Environment Structure
-
Application Node: Dedicated exclusively to the Go web server and the local L1 cache. This was the primary target for all stress tests.
-
Infrastructure Node: A standalone instance hosting the Redis ecosystem, which served three critical roles:
- L2 Cache: Distributed "warm" storage for redirect mappings.
- Atomic ID Generator: Coordinating unique ID sequences across the system.
- Rate Limiter: Managing request throttling to prevent service abuse.
- Persistence Layer: AWS DynamoDB was utilized for long-term storage, ensuring the persistent data layer scaled independently of the compute instances.
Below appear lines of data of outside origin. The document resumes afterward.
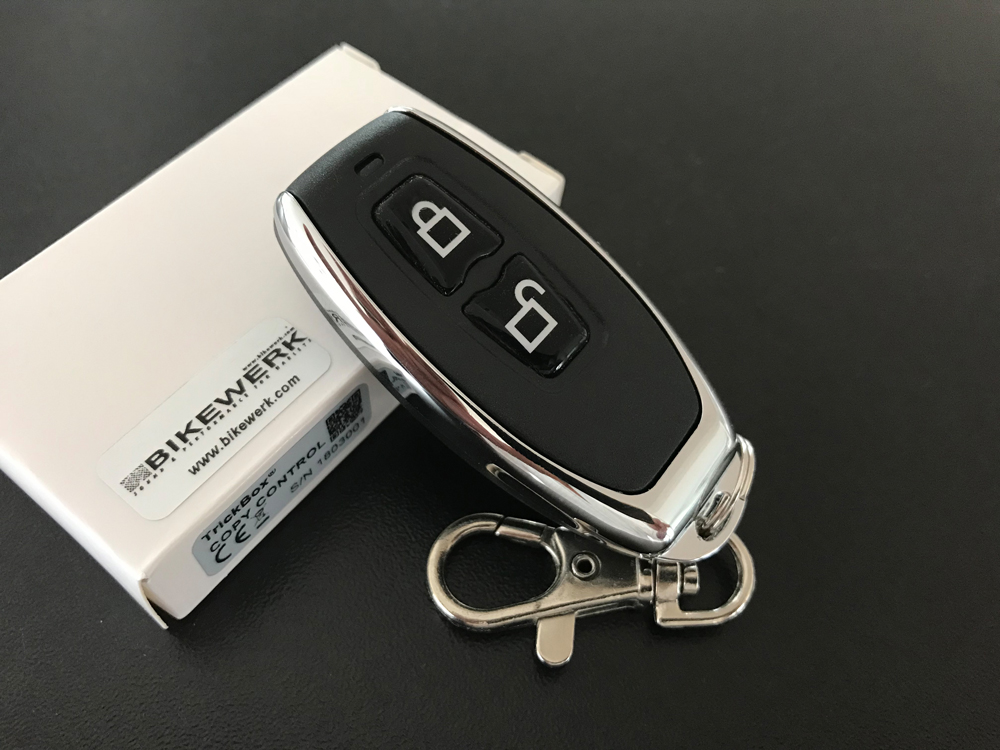 TrickBox REMOTE Funkfernbedienung passend für elektronisch klappengesteuerte Auspuffanlagen mit Soundswitch von KessTech® ESM 2 & ESM 3, Jekill & Hyde® BlackBox bis einschl. Bj. 2016. Achtung: Ein Betrieb, bzw. Einbau unserer BikeWerk TrickBox Produkte ist für den öffentlichen Straßenverkehr nicht zugelassen und nur für Rennzwecke, Showzwecke oder zum Einsatz auf abgesperrten, nicht öffentlichen Flächen geeignet. powered by BikeWerk.com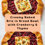An indulgent and elegant appetizer featuring creamy baked Brie nestled inside a crusty bread boule, topped with tangy cranberry sauce and aromatic fresh thyme. Perfect for entertaining or a cozy gathering, this baked Brie bread bowl combines rich flavors and inviting textures in a simple yet impressive dish.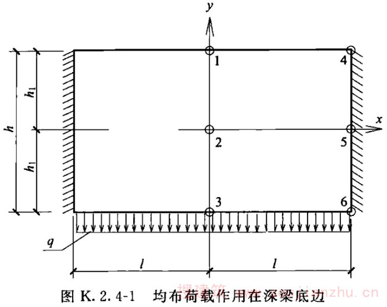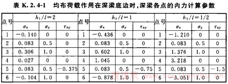 1 均布荷载作用在深梁底边时(图K.2.4-1),深梁各点的内力计算参数应符合表K.2.4-1的规定。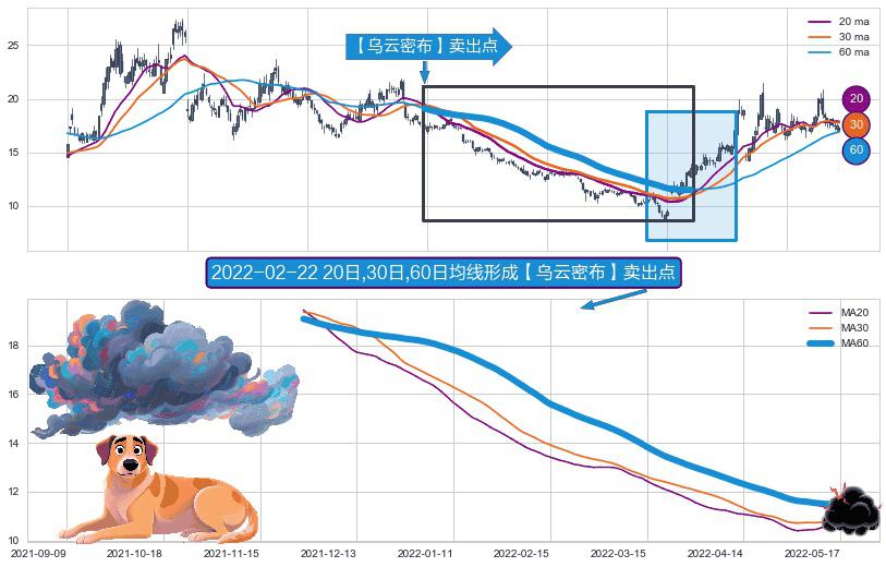 ⚀ 2021-11-26日-2022-05-17日显现 20日-30日-60日均线 【乌云密布】卖出点 看空信号,后市看跌,卖出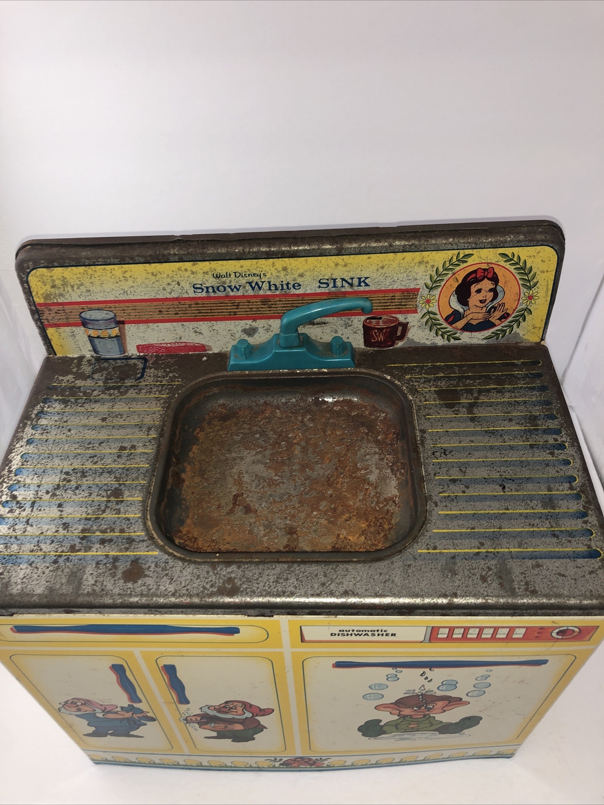 Vintage,Wolverine Toy,Disney Productions Snow White, SINK, Tin Litho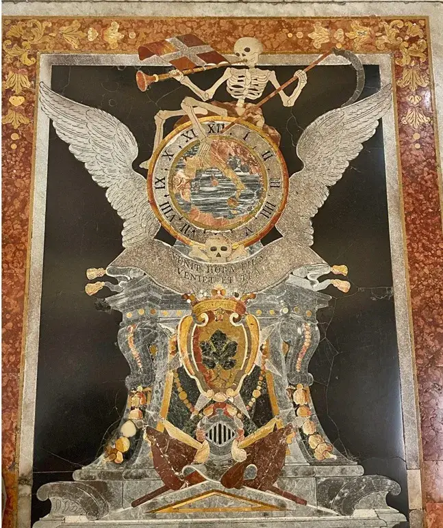 Još jedna slika nadgrobnog spomenika iz konkatedrale sv. Ivana u Valletti na Malti. Ovdje vidimo malteški grb: srp sa simbolom Ouroborosa, zmije koja proždire vlastiti rep, što predstavlja vječni ciklus uništenja i ponovnog rođenja, sa prikazom mrtvog viteza koji zaustavlja ili prekida vrijeme, što simbolizira njegovo razbijanje sata.

To determine the service's operational limits, I conducted a series of stress tests using k6 . The goal was to identify the exact threshold where resource contention—specifically CPU context switching and network interrupt handling—began to impact the user experience.
1. The "Optimal" Zone (Steady State)
This test represents the ideal operating conditions where the system handles traffic with significant headroom.
- Throughput: 3,000 RPS
- Median Latency: 0.7ms
- P95 Latency: 4.3ms
- CPU Usage: ~50%
Analysis: At this scale, the L1/L2 cache layers handle nearly all traffic. The sub-millisecond median proves the efficiency of Go's
net/httpstack and the LRU cache.
Caption: Grafana showing stable 3k RPS with 50% CPU headroom.
2. The "Saturation" Point (Mechanical Limit)
I pushed the rate to 15,000 RPS to find the system's "ceiling." The server reached a maximum sustained throughput of 11,600 RPS.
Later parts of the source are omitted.